With the help of Mr. Jamison, a white lawyer; Mama, Papa and Caroline Logan (Big Ma) contact police stations in the next couple of towns. Seven months later, they find Stacey several hours away, injured and jailed in a small town in Louisiana. Stacey and Moe were accused of stealing and imprisoned. The Logans are able to rescue them and bring them home.

==Characters==

===The Logan Family===
- Cassie Logan: The Logans' strong-willed daughter. She is ten years old. The story is mainly told from her point of view.
- Stacey Logan: The Logans' eldest son. He is aged 13. He is portrayed as strong-minded and loving towards his family.
- Christopher-John Logan: Stacey and Cassie's younger brother. He is being a rule follower and doesn't like getting in trouble.
- Clayton Chester "Little Man" Logan: Stacey and Cassie's youngest brother. He is very tidy.
- David Logan: The father of the Logan children, known as Papa. He worked on the railroad.
- Mary Logan: The mother in the Logan family. She used to be a school teacher, but now she organizes groups to change society.

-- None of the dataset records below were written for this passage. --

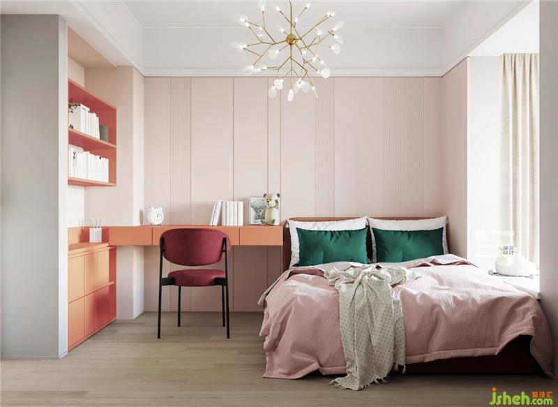 The second bedroom with pink as the background color gives people an elegant and soft feeling. Using the advantages of the house type, we design a wall type bookcase, and extend it to the bedside in the form of a desk. It saves space and increasing space storage.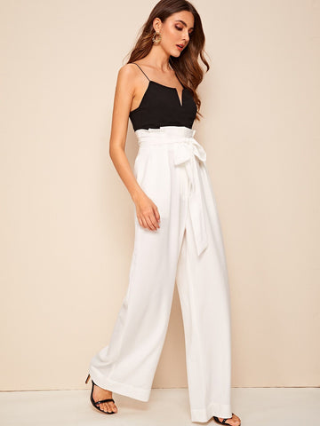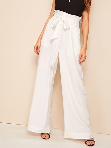 Belted Paperbag Waist Wide Leg Pants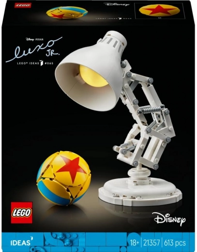 Sastavite stiliziranu lampu LUXO JR., proslavljenu u uvodnoj špici studija DISNEY PIXAR. Model je u potpunosti pokretan – naginjanje sjenila, savijanje ruku i realistične “opruge” omogućuju postavljanje kultnih poza uključujući skok na loptu. U kompletu je i Pixarova lopta koja se otvara i otkriva tematska iznenađenja nadahnuta filmovima kao što su Up, The Incredibles, Ratatouille, Monsters, Inc., Toy Story i Finding Nemo.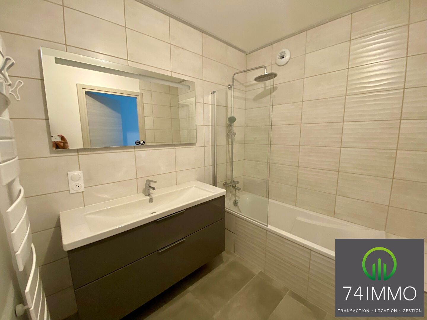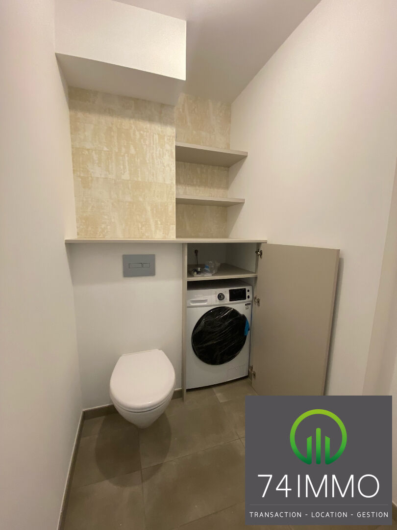 Annecy centre ville secteur les Fins Nord ; Appartement type 2 meublé de 50 m² dans une résidence neuve de 2023, la résidence dispose d'un environnement très calme tout en étant à 5 mn de l'hypercentre et à 10 mn du lac. Chauffage au gaz de ville. Accès très facile aux principaux grands axes de sortie et entrée de l'agglomération dont autoroute A41 pour Genève ou Grenoble. . Le couloir avec placard dessert 1 pièce principale de 21 m2 alliant séjour et cuisine toute équipée ouvrant sur un balcon de 5 m2 avec vue sur verdure, 1 belle chambre de 13 m2 avec parquet, lit double et placard-dressing, la salle-de-bain avec grand meuble vasque et baignoire, un vaste WC séparé avec lave-linge-séchant intégré. Avec cet appartement vous bénéficié d'un garage et d'une cave ! Loyer 1212 euros hors charges . Libre pour le 07/11/2025 pour visite ou informations supplémentaires ; Contactez le 0631463372 .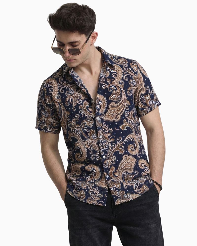 Shirt Description: Half-sleeves shirt with ethnic motifs print over violet background. Perfect for outdoor casual wear. Soft fabric for optimum comfort.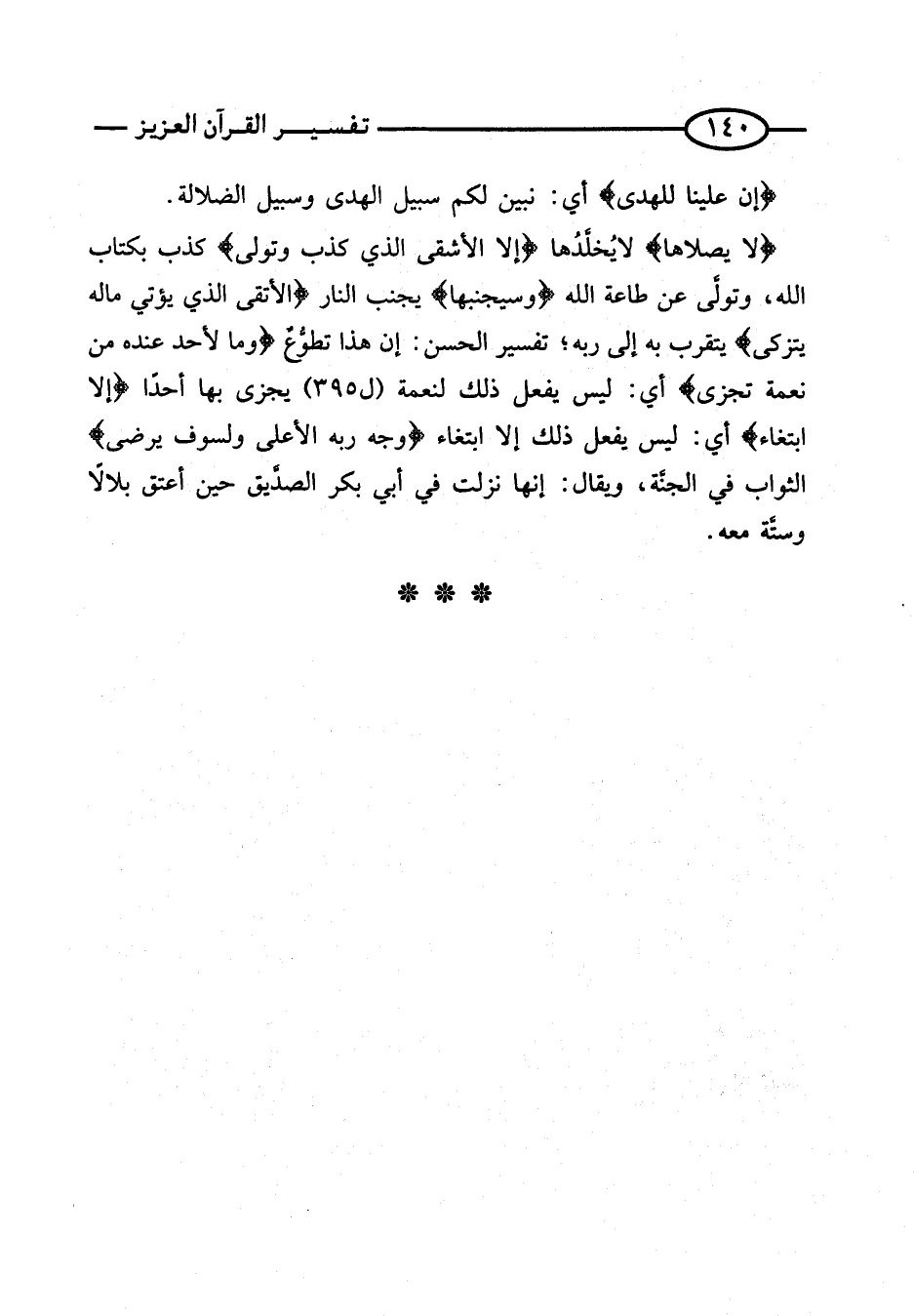 {إِلَّا ابْتِغَاء} أَيْ: لَيْسَ يَفْعَلُ ذَلِكَ إِلَّا ابْتِغَاءَ {وَجْهِ رَبِّهِ الأَعْلَى وَلَسَوْفَ يرضى} الثَّوَابَ فِي الْجَنَّةِ، وَيُقَالُ: إِنَّهَا نَزَلَتْ فِي أَبِي بَكْرٍ الصِّدِّيقِ حِينَ أَعْتَقَ بِلالًا وَسِتَّةً مَعَهُ.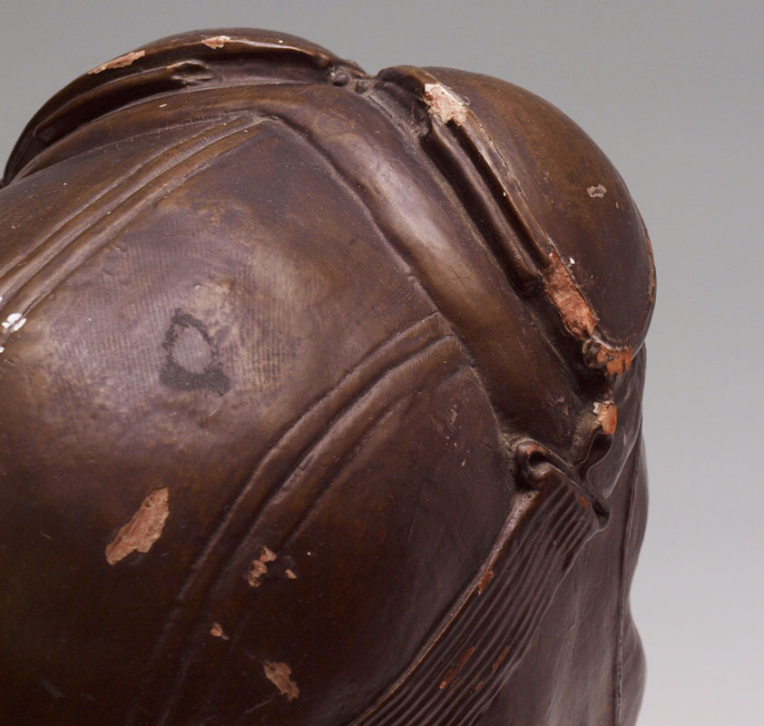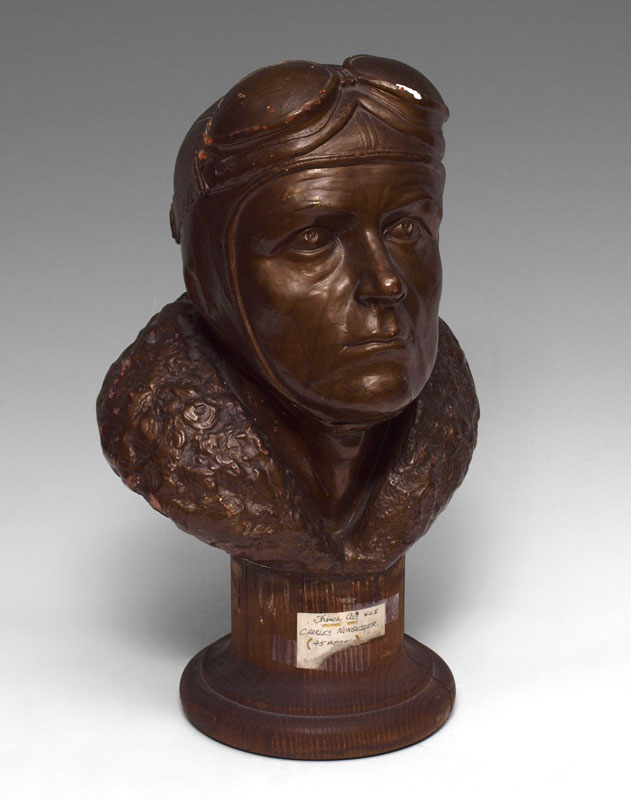 TERRA COTTA BUST OF CHARLES NUNGESSER FLYING ACE: Bronzed finish terra cotta sculpture of Charles Nungesser, World War I flying ace for France. 43 documented victories, 2 undocumented. On wood plinth. Overall measures 19'' h. x 11 1/2'' x 9 3/4''.

- Caroline "Big Ma" Logan: She is the grandmother of the Logan children. She is portrayed as a strong and good-natured woman. Caroline Logan has influenced Cassie Logan by passing on the family stories and history to her. She is a healer.

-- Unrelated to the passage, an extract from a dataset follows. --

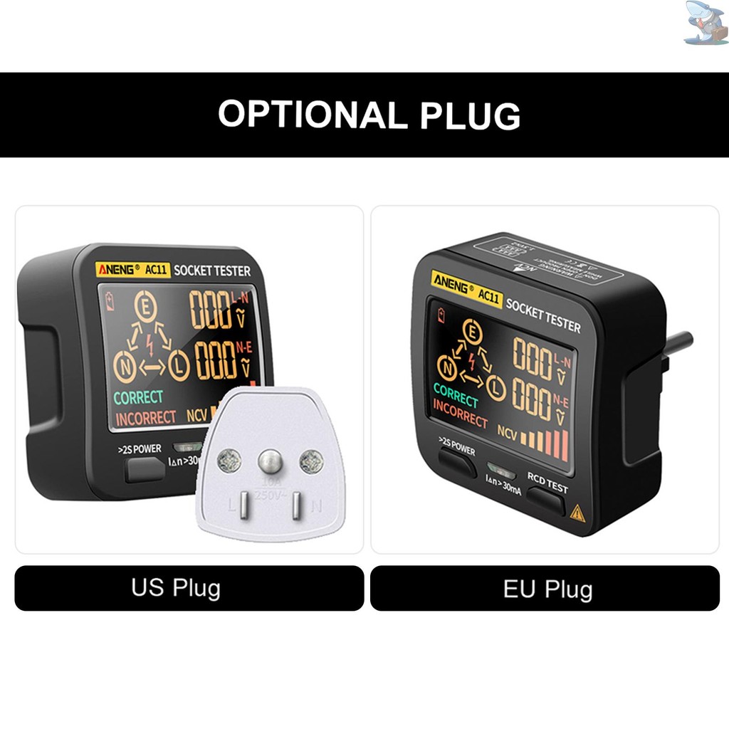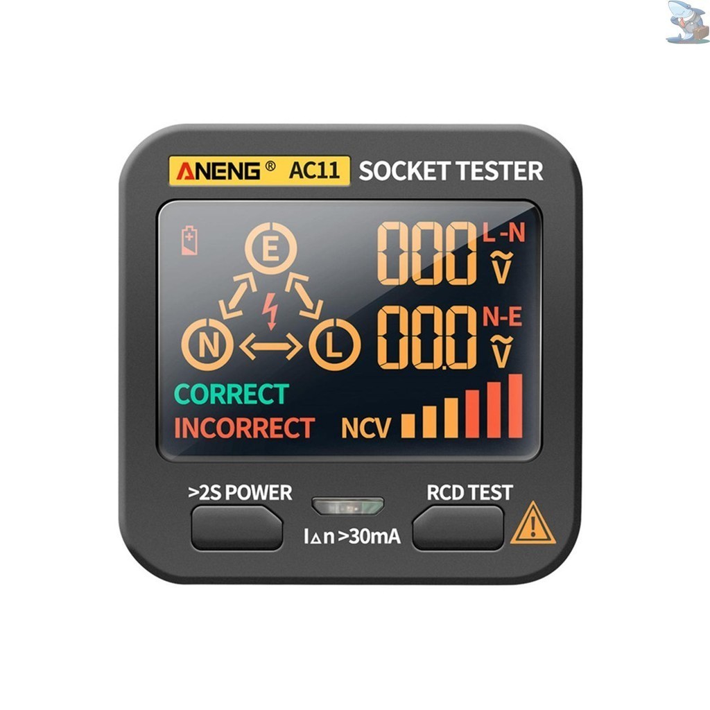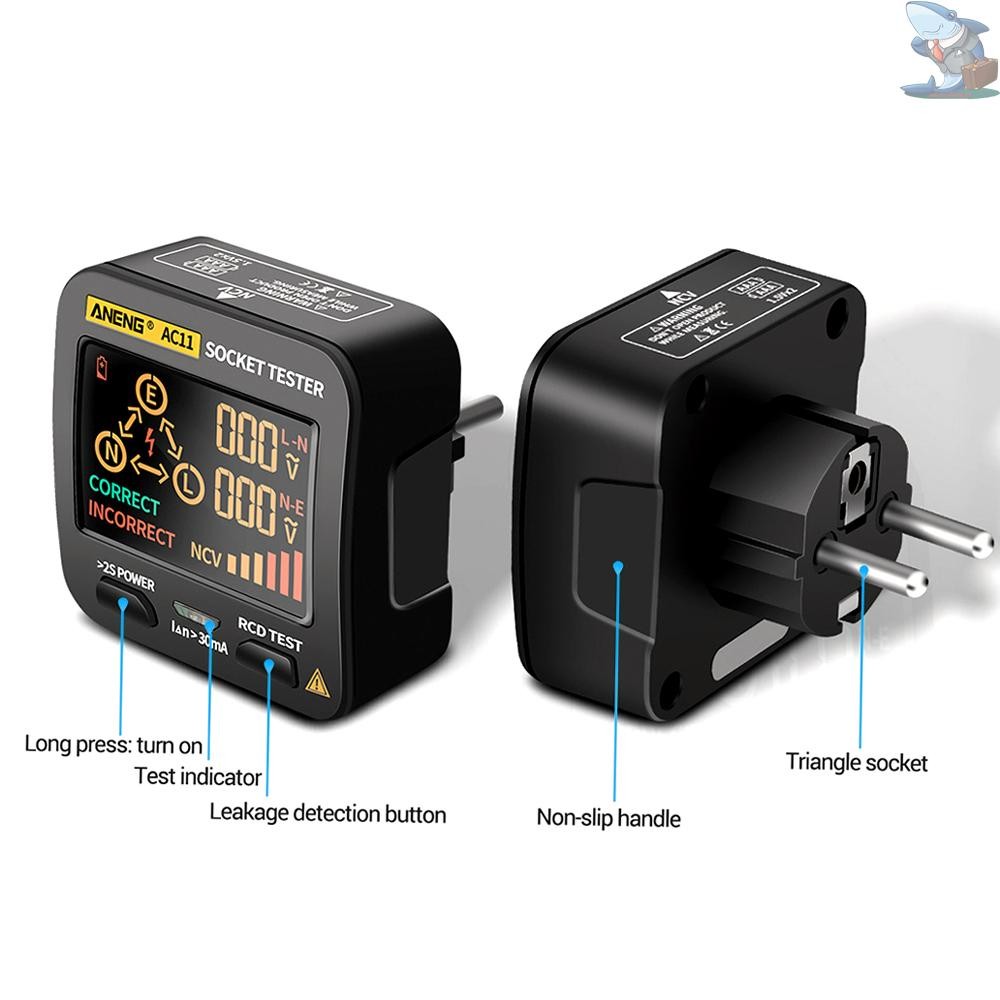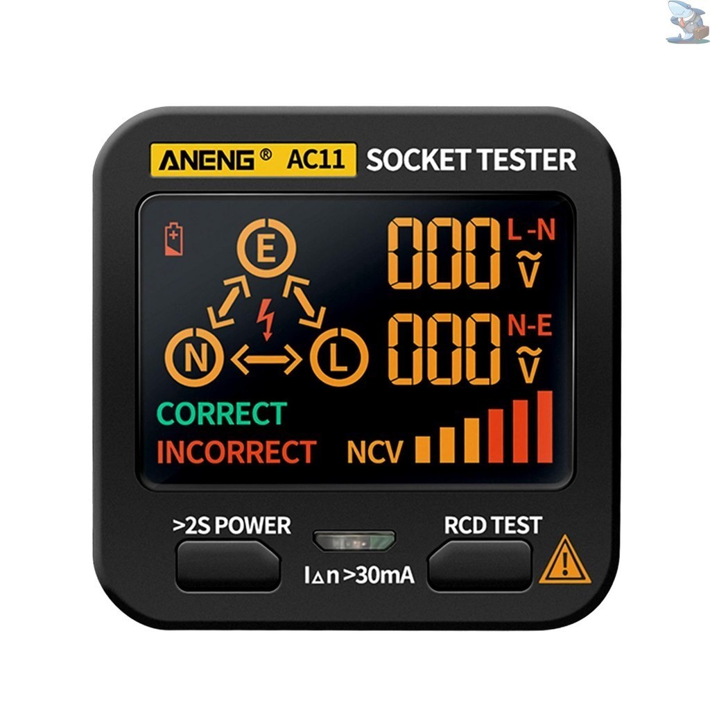 Aneng AC11 เครื่องทดสอบซ็อกเก็ตไฟฟ้า หน้าจอ LCD อเนกประสงค์ RCD NCV E TOP1219

- Hammer Logan: David Logan's older brother and Cassie's uncle. He lives in Chicago because of the racism in Mississippi.

===Other characters===
- Suzella Rankin: Cousin of the Logan family children.
- T.J. Avery: A friend of the Logan children. He gets put on trial for a murder committed by the Simms brothers and is convicted for the murder although he is innocent.
- Jeremy Simms: A white teenager who is friends with the Logan children.
- Mr. Wade Jamison: A white lawyer that supports the Logans and other black families in their town. He tried to defend T.J. at his trial.
- Cousin Bud: The father of Suzella and married to a white woman. He is also Mary's (Mama's) nephew.
- Lottie: She is the sister of Mary Logan.
- Lee Annie: An elderly black woman that had an urge to learn about the history of the U.S. and go and register to vote. Ms. Lee Annie is like family to the Logans.
- Mr. Morrison: A member of the Logan family after he was fired from his job. His family died when he was young.
- Moe Turner: A sharecropper and has his cotton plowed. He also ran away with Stacy to go work at the sugarcane fields.
- Harlan Granger: A white landowner who makes life difficult for the sharecroppers.
- The Barnetts: A couple that owns a store in Strawberry that people shop at. Jim Lee, the husband, is killed in a robbery by the Simms brothers. Mrs. Barnett accuses T.J. of the murder because he was the only unmasked character in the crime.
- Mr. Farnsworth: A government agent that tells the Turners that he must plow up their cotton.
- Sheriff Dobbs: The sheriff of a town in Louisiana. He helps the Logans locate Stacey when he runs away.
- The Averys: T.J.'s family including his father, Joe, his mother, his younger brother Claude, and his two sisters. Friends with the Logan's.